Périgueux : "les ateliers SNCF ne sont pas à vendre" 

Une manifestation a rassemblé près de 450 personnes ce jeudi matin, qui voulaient en priorité à dénoncer la réforme du ferroviaire. Ils ont toutefois fait un crochet par la mairie pour dénoncer "les spéculations" d'Antoine Audi sur les ateliers SNCF 

Un cortège de 450 personnes a marché dans les rues de Périgueux, ce jeudi matin, dans le cadre de la grande journée d'action organisée dans plusieurs villes du pays. La manifestation périgourdine, à l'appel de la CGT, de FSU et de Solidaires, s'est appliquée à dénoncer la réforme du ferroviaire et le gel du point d'indice dont disent souffrir les cheminots depuis près de cinq ans.
"L'emploi cheminot n'est pas à brader" 

L'action a pris une tonalité locale. Les manifestants ont décidé de faire un crochet par la mairie. Ils avaient à coeur de faire du bruit sous les fenêtres du maire : "Les cheminots sont venus vous dire que les ateliers SNCF ne sont pas à vendre et que l'emploi cheminot n'est pas à brader", ont-il hurlé dans le micro. "Au lieu de soutenir les cheminots, Antoine Audi spécule déjà sur leur disparition." Les manifestants faisaient allusion à des propos du maire en Conseil municipal, le 25 septembre (lire ci-dessous). 

Plusieurs bombes sonores ont retenti rue Wilson. Le maire ne semblait pas présent à l'hôtel de ville au moment de cette visite. En revanche, son premier adjoint, Laurent Mossion, est descendu dans la rue. Il a eu un échange avec des manifestants. 

Les propos d'Antoine Audi 

Petite phrase, grosse colère.
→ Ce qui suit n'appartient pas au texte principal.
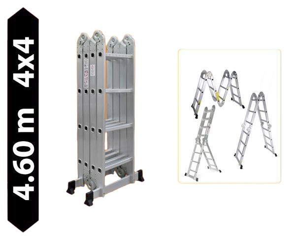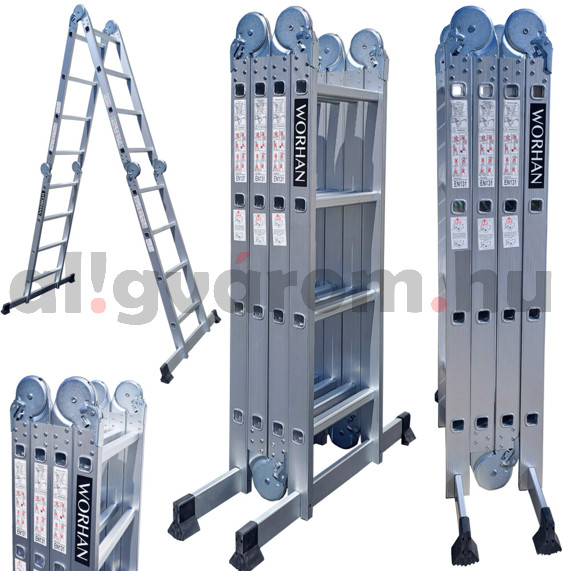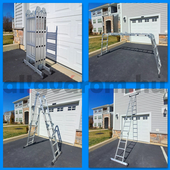 • Négyrészes, multifunkcionálisan használható csuklós létra,könnyen kinyitható, biztonságosan rögzíthető és könnyen összecsukható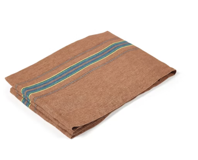 The Libeco Ontario Table Runner (21" x 59") features green, blue, yellow, and black stripes on a terracotta herringbone weave. Crafted from 100% stonewashed linen, it adds warmth and texture to autumn tables.

En assumant avoir questionné la SNCF sur des terrains éventuellement disponibles sur l’emprise des ateliers du Toulon, Antoine Audi a électrisé les syndicats de cheminots. Le maire de Périgueux anticiperait-il la fermeture du Technicentre, au point de déjà compter les logements qu’on peut y bâtir ? "Il y a une volonté de récupérer le site au mépris de l’emploi", traduit Olivier Riffet, l’un des porte-parole de la CGT Cheminots. "Ce n’était pas qu’une phrase : s’il s’est permis, c’est qu’il connaît les projets de la SNCF." Une délocalisation des ateliers, augure le syndicaliste. 
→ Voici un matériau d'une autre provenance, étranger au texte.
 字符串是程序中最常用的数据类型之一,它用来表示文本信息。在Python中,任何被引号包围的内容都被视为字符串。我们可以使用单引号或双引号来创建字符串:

Qu’a dit le maire ? Le 25 septembre, en Conseil municipal, l’opposant Vianney Le Vacon (PC) s’est inquiété d’une "approche" d’Audi auprès de la direction des ateliers, pour parler du foncier disponible. Antoine Audi a confirmé : "Dans la mesure où Périgueux est en recherche d’espaces pour se développer, il est intéressant de savoir si des terrains sont susceptibles de se libérer si la SNCF réorganise l’activité."